Answer: This question is coming up a lot recently, and with good reason: The collapse of the investment bank Bear Stearns, the handful of bank failures, the frozen auction rate preferred market, and the ongoing turmoil from the credit crunch.
What do I think? For many of us, it’s easier to manage our retirement portfolio if the money is at one institution that offers good service, low fees and investment choice. But does convenience increase your risk? It does a bit, but not by much in most cases. I’ve gone back and forth on this issue several times over the past couple of years. In essence, my answer is “no”, but…
First of all, the biggest protection you have is that your money is invested in securities. So, even if Vanguard, Fidelity, or some other major financial institution got into trouble you still own the securities. (Of course, ownership doesn’t prevent the value of your portfolio from going down.) There is also Securities Industry Protection Corp. backing that provides an additional layer of security in case of fraud and malfeasance. (You can learn more about it at www.sipc.org.)
What’s more, most of us end up with a kind of natural financial institution diversification. You have your retirement portfolios with Vanguard. I bet you have savings at a bank or credit union, a life insurance policy with a life insurance company, and so on. If you look at your household as a single entity you’re probably reasonably diversified overall–even if your retirement portfolios are managed by one firm.

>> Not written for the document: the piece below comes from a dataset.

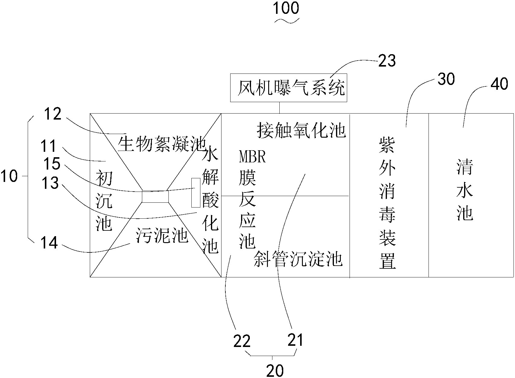 生物絮凝酸化池、MBR膜反應池、紫外消毒裝置以及清水池;所述生物絮凝酸化池由初沉池、生物絮凝池、水解酸化池以及污泥池組合形成,所述MBR膜反應池由接觸氧化池、斜管沉淀池組合形成;所述初沉池的出水口與所述生物絮凝池的入水口連通,所述生物絮凝池的出水口與所述水解酸化池的入水口連通,所述水解酸化池的出水口與所述接觸氧化池的進水口連通,所述污泥池位于所述生物絮凝池與水解酸化池的下方并通過一污泥斗與所述生物絮凝池、水解酸化池的污泥出口連通,所述生物絮凝池與所述斜管沉淀池的污泥出口連通;所述接觸氧化池的出水口與所述斜管沉淀池的入水口連通;所述斜管沉淀池的出水口與所述紫外消毒裝置的入水口連通,所述紫外消毒裝置的出水口與所述清水池連通;

Now for the proverbial “but.” In an era of financial supermarkets and one-stop-shopping it’s possible to concentrate amost all your financial assets with one firm. At that point say “stop,” and diversify. The lack of diversification is one reason why I have never been enamored with the financial supermarket idea. The other is that experience shows a firm good at managing mutual funds isn’t necessarily the best at creating other competitive financial products. It always pays to shop around.